Data items
....................

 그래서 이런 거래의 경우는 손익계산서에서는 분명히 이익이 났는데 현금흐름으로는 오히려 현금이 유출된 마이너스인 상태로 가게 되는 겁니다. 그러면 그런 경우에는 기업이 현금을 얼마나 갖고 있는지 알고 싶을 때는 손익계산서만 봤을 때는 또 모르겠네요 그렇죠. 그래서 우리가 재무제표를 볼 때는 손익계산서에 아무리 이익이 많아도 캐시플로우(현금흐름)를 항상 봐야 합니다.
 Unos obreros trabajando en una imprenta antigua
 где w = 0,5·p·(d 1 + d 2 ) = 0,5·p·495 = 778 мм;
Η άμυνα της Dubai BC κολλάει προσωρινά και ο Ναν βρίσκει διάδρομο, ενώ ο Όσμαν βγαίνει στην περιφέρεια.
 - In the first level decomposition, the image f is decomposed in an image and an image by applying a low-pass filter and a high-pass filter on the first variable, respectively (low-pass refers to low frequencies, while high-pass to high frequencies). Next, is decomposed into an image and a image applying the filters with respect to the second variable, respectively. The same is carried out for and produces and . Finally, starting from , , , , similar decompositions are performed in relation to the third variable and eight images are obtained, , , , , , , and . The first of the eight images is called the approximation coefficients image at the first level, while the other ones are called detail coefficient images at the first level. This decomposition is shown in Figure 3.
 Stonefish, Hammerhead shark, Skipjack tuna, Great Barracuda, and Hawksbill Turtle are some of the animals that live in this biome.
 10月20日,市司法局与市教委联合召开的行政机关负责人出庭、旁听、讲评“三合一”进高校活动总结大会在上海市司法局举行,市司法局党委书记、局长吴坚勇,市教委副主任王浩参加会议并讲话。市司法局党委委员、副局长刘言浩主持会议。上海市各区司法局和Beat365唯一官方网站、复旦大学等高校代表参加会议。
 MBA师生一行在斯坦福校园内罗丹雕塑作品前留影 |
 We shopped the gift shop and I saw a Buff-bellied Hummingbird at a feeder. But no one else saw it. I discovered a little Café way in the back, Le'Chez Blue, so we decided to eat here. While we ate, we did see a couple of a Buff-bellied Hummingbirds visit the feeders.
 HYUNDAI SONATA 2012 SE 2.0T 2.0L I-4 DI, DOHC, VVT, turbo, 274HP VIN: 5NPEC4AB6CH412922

....................

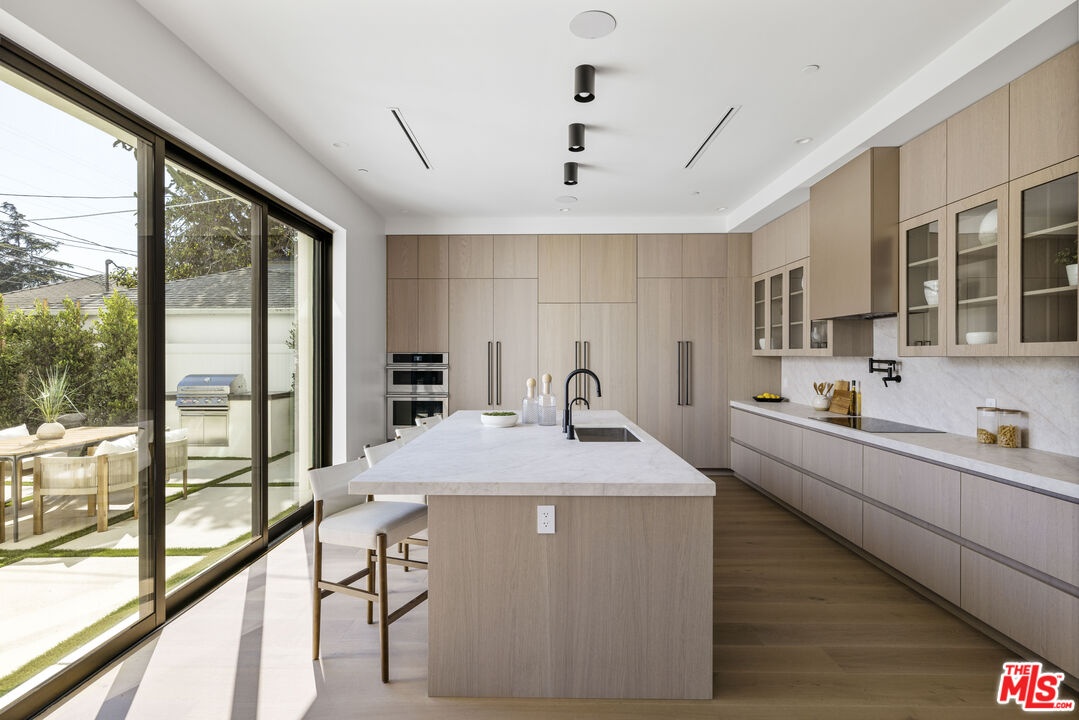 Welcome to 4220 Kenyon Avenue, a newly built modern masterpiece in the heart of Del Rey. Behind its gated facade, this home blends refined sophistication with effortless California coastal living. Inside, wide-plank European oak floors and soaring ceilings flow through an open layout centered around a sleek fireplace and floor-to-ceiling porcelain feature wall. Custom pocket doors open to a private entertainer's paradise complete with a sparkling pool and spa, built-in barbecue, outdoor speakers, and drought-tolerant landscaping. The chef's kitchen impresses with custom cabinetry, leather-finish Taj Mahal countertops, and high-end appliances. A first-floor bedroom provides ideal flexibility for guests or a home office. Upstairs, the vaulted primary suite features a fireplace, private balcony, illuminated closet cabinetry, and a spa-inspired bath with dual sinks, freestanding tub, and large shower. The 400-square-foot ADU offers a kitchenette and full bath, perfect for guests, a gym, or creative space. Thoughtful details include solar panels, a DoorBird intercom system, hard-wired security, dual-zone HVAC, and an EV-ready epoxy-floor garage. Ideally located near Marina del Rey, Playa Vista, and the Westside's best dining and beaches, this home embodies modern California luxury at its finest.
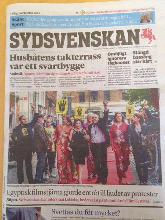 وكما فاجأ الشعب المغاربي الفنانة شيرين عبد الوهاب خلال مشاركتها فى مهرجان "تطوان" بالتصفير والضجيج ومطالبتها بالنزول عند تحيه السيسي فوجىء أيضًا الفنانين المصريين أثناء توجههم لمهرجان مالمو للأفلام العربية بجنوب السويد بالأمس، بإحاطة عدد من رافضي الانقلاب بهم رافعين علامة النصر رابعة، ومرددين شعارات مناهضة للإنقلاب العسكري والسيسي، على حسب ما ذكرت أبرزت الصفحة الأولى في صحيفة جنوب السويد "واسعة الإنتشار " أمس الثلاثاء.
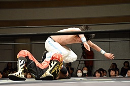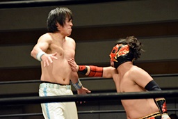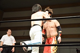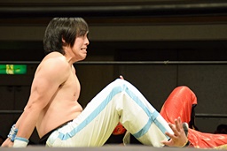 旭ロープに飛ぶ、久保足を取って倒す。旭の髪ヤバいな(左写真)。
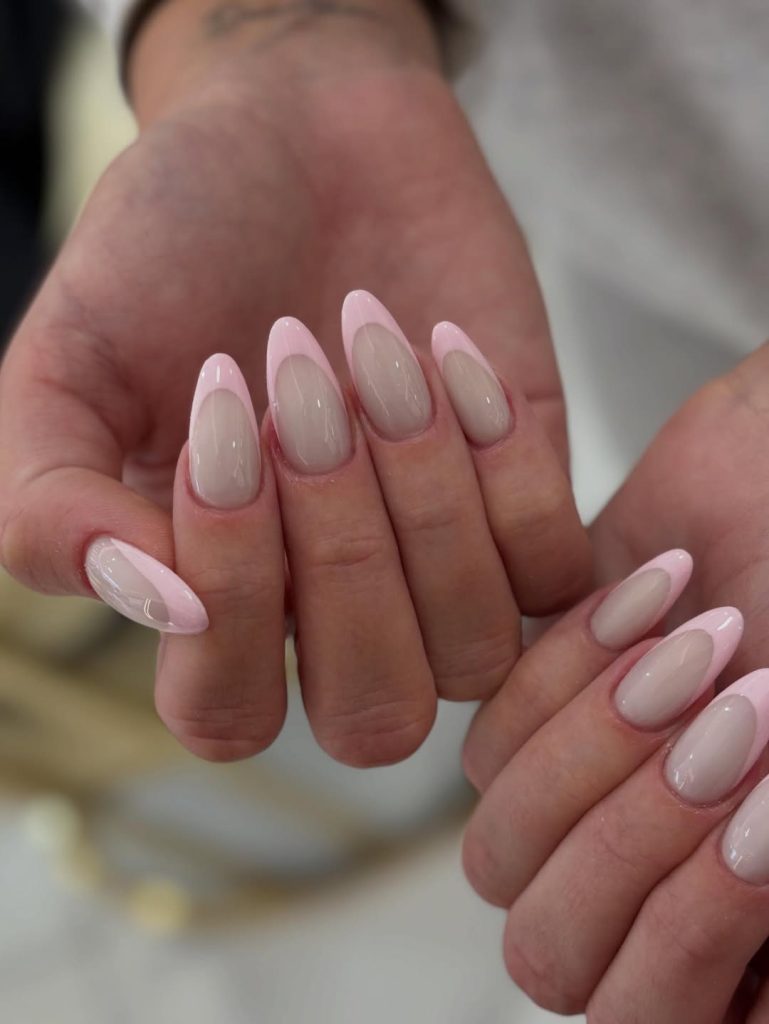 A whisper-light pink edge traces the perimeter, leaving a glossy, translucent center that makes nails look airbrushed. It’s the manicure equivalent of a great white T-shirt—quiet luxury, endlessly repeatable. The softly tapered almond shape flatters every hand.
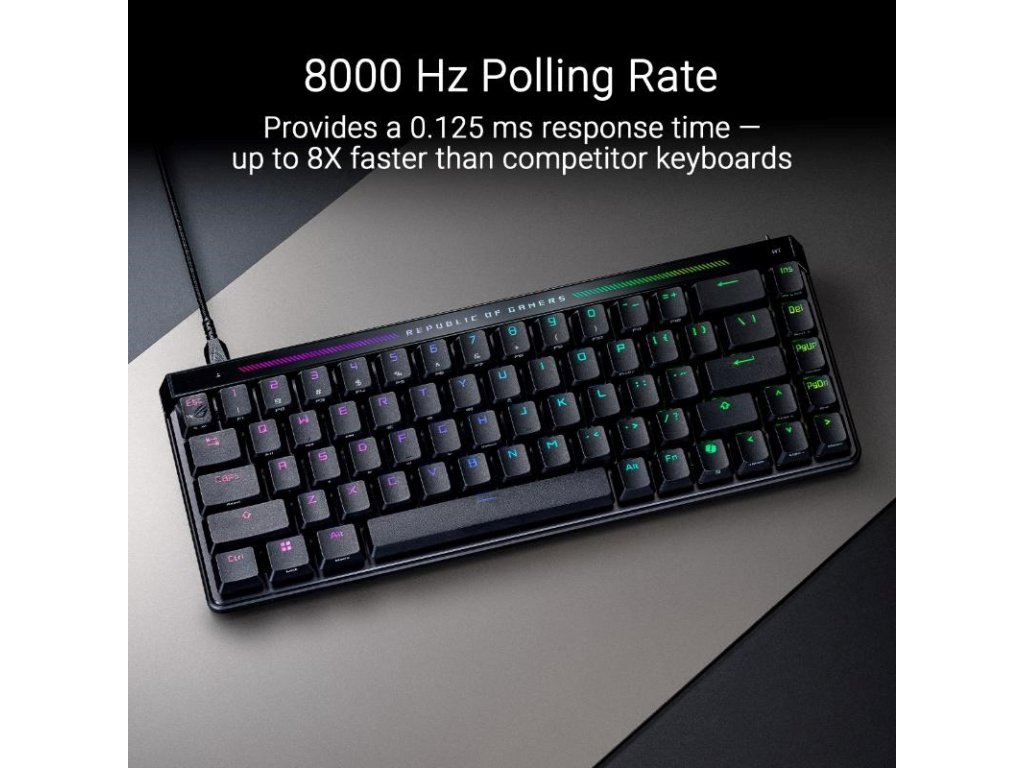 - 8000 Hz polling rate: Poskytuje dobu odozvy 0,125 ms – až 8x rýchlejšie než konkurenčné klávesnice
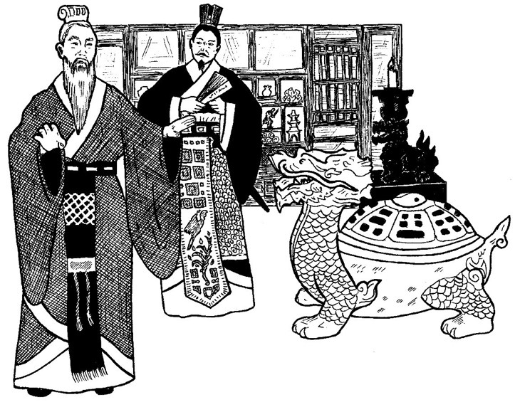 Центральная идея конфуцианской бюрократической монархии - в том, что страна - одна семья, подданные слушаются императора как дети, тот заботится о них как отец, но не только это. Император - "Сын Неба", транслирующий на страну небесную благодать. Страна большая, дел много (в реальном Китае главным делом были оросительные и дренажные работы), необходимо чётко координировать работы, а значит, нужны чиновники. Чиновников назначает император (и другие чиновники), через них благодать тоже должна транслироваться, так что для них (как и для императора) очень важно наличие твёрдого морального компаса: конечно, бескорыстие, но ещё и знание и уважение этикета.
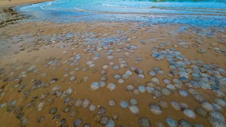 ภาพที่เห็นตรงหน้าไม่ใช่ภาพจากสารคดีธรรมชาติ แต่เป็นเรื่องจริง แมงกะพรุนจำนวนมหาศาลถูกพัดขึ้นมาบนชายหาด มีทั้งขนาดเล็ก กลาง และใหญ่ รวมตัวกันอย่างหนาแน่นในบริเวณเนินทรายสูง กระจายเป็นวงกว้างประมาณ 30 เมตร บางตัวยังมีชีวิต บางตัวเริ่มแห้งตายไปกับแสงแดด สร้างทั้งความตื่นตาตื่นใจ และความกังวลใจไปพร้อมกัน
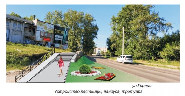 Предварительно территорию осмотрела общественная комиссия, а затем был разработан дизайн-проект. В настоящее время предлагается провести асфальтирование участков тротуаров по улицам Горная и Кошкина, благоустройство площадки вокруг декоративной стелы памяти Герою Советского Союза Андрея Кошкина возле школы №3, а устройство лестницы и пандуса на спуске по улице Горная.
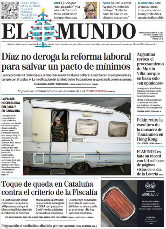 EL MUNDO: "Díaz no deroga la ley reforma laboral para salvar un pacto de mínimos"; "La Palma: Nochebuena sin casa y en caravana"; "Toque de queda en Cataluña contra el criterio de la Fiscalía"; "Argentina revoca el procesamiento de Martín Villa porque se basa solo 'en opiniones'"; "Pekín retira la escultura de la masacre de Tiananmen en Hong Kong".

....................

## Work request
In the records above, find the line with "그래서 이런 거래의 경우는"; write out exactly that line and each one after it, stopping after the line with "где w = 0,5·p·(d".

## Solution to the problem
 그래서 이런 거래의 경우는 손익계산서에서는 분명히 이익이 났는데 현금흐름으로는 오히려 현금이 유출된 마이너스인 상태로 가게 되는 겁니다. 그러면 그런 경우에는 기업이 현금을 얼마나 갖고 있는지 알고 싶을 때는 손익계산서만 봤을 때는 또 모르겠네요 그렇죠. 그래서 우리가 재무제표를 볼 때는 손익계산서에 아무리 이익이 많아도 캐시플로우(현금흐름)를 항상 봐야 합니다.
 Unos obreros trabajando en una imprenta antigua
 где w = 0,5·p·(d 1 + d 2 ) = 0,5·p·495 = 778 мм;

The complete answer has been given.